One of the crucial issues in the development of guidelines in the spirit of evidence-based medicine is the quality of the data that are used. The evidence considered to be best is that derived from multiple randomized, controlled clinical trials (20, 28, 29). The development of clinical microbiology practice guidelines is challenging because this form of evidence is not available for this discipline. Rather, data from clinical evaluations and expert opinion are likely to be the basis for the development of clinical microbiology practice guidelines. In some cases, data for determining the best practices may be either absent or inadequate. Practice guidelines may then become dependent on “expert” opinion based on anecdotal experience rather than scientific data (29).

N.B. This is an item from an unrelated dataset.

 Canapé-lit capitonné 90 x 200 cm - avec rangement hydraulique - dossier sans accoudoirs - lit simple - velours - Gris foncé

A new initiative called Standards for the Reporting of Diagnostic Accuracy (STARD) has the goal of improving the quality of publications that report evaluations of diagnostic tests (5). The rationale for this is that poorly designed, biased diagnostic test evaluations may result in the use of a comparatively inaccurate test that ultimately results in misdiagnoses for patients and/or inappropriate clinical practice guidelines. The STARD guideline lists 25 items that should be present in any publication that reports on the evaluation of a diagnostic test. In addition, the STARD group has developed a flow diagram that explains how data should be analyzed from diagnostic accuracy studies. An expected outcome of the STARD initiative is the improvement of the quality of the data available to make clinical practice guideline decisions, including those that affect the clinical microbiology laboratory.

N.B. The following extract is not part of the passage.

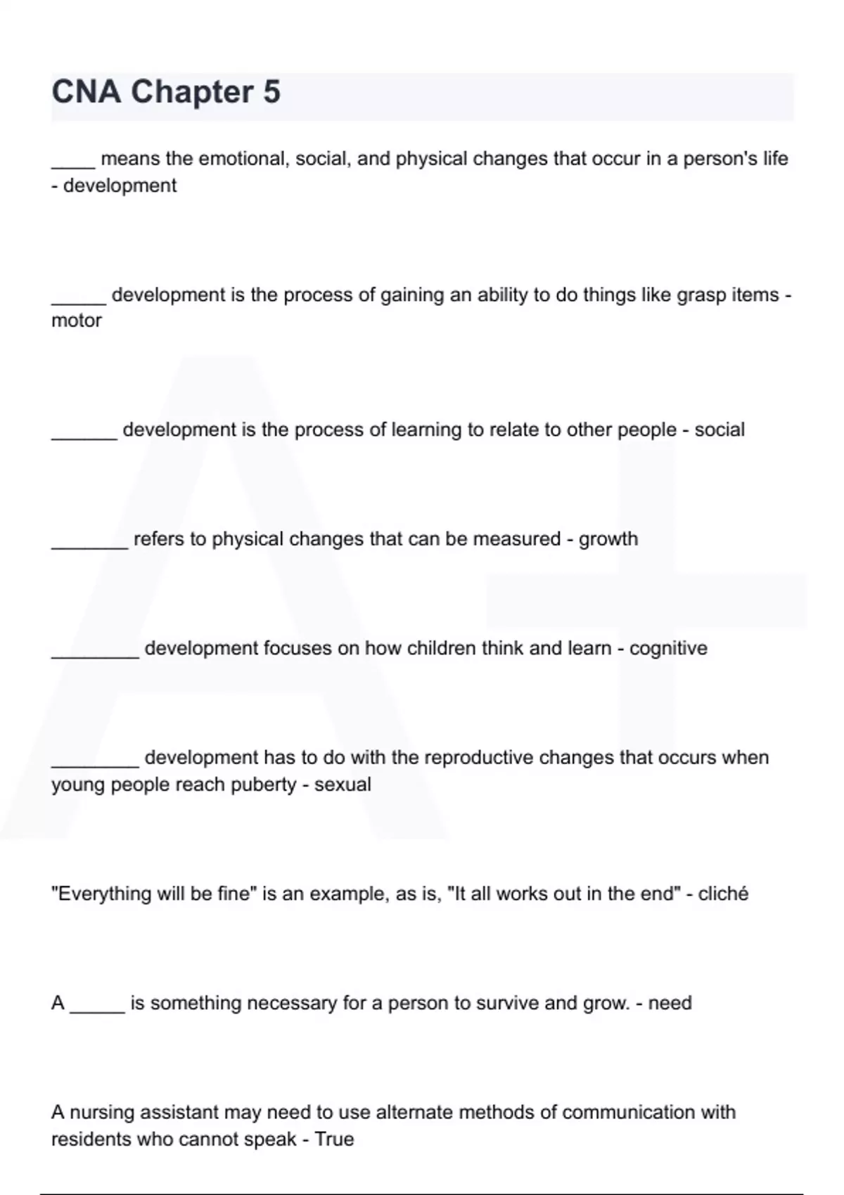 CNA Chapter 5 Questions and Revised Answers 2023/2024 Version.

Another important issue is determining how frequently guidelines need to be updated. IDSA recommends that its guidelines be reviewed and updated every 2 years (20). The reality is quite different. For example, the pharyngitis management guidelines that IDSA initially published in 1997 were most recently updated and republished in 2002 (4). However, this 5-year period is well in keeping with the findings of a study that examined how frequently the clinical practice guidelines of the Agency for Healthcare Research and Quality needed updating on the basis of new evidence. In that study, it was recommended that clinical practice guidelines be updated every 3 to 6 years, with the specific update frequency dependent on the rapidity with which new, relevant data were accumulated (27).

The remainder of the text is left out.